The challenge:  Teach my son to focus and how to maintain an even temper.

The difficulty:  Parenthood frequently makes it difficult for me to focus and/or to maintain an even temper.

The Sounds Of A Growth Spurt

February 8, 2018

“I’m hungry.”

“But you just . . . okay, right.  No problem.  I can get you something else.”

“I’m hungry.”

“But you just . . . okay, right.  No problem.  I can get you something else . . .”

(Repeat ad nauseam.)

I’ll Be Better Tomorrow, So At Least I Can Be Thankful About That

November 23, 2017

I can think of no better way to describe my mood today than by admitting that when Mom expressed her hope that we have a good Thanksgiving, my actual response was “I hope we have a good one too.”

That’s My Boy!

August 18, 2016

Some parents would call it a “proud parent” moment when their child knows the answer in class that no one else does, and I suppose I would as well . . . but some things are more impressive to me than factual knowledge.

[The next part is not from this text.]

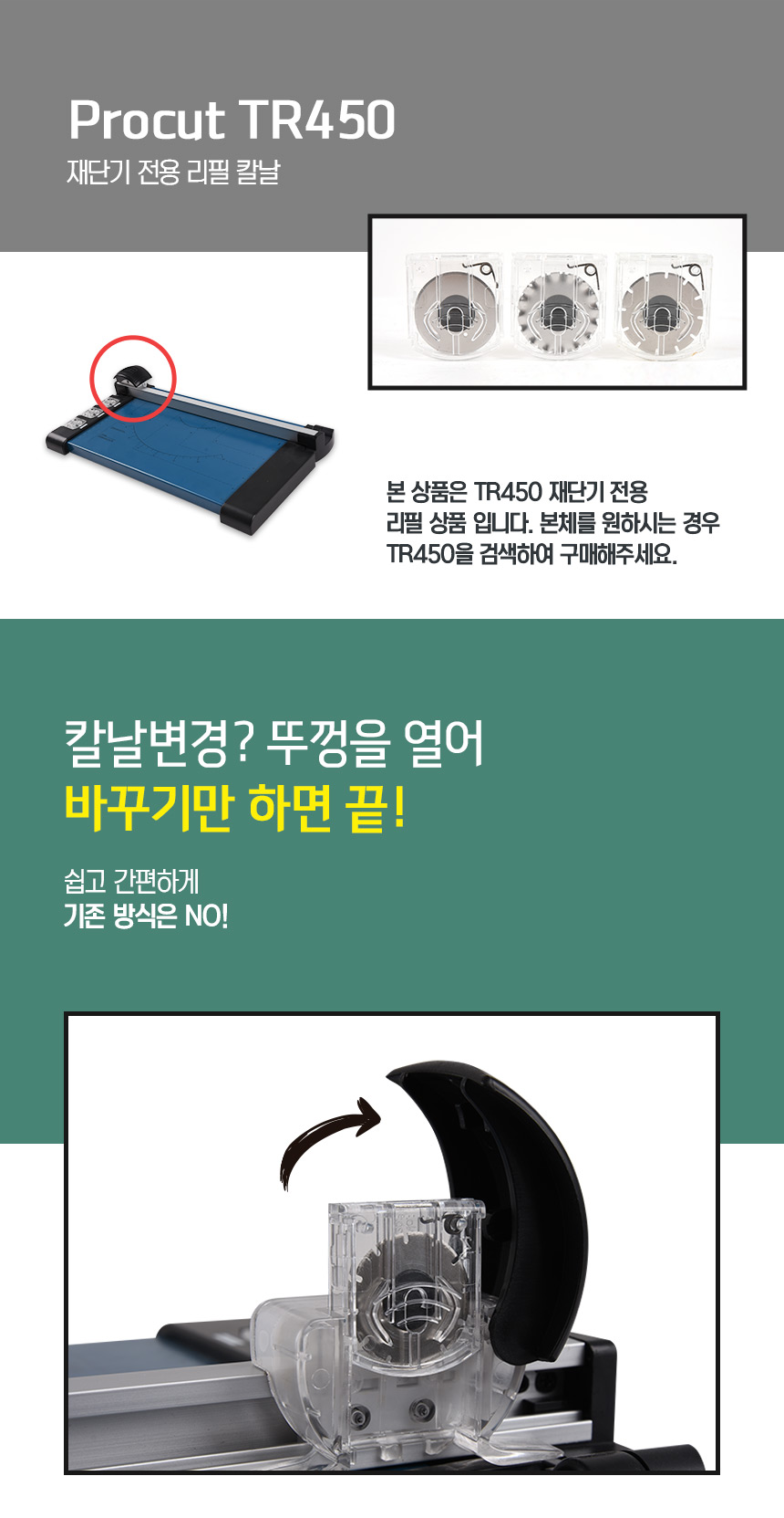 카피어랜드 A4 소형 트리머재단기 ProCut TR450 전용 재단칼(직선/곡선/점선)

For instance, when my son’s teacher asked his class if they were excited about the new program they were going to be using in class soon, one by one all my son’s classmates dutifully indicated that they were; meanwhile my son’s symbolic “no” floated lonely and alone next to a sea of yeses.

My son remained unyielding though, because while he was neither for nor against said new program, the question had been was he “excited” about it, and excited about it he was not.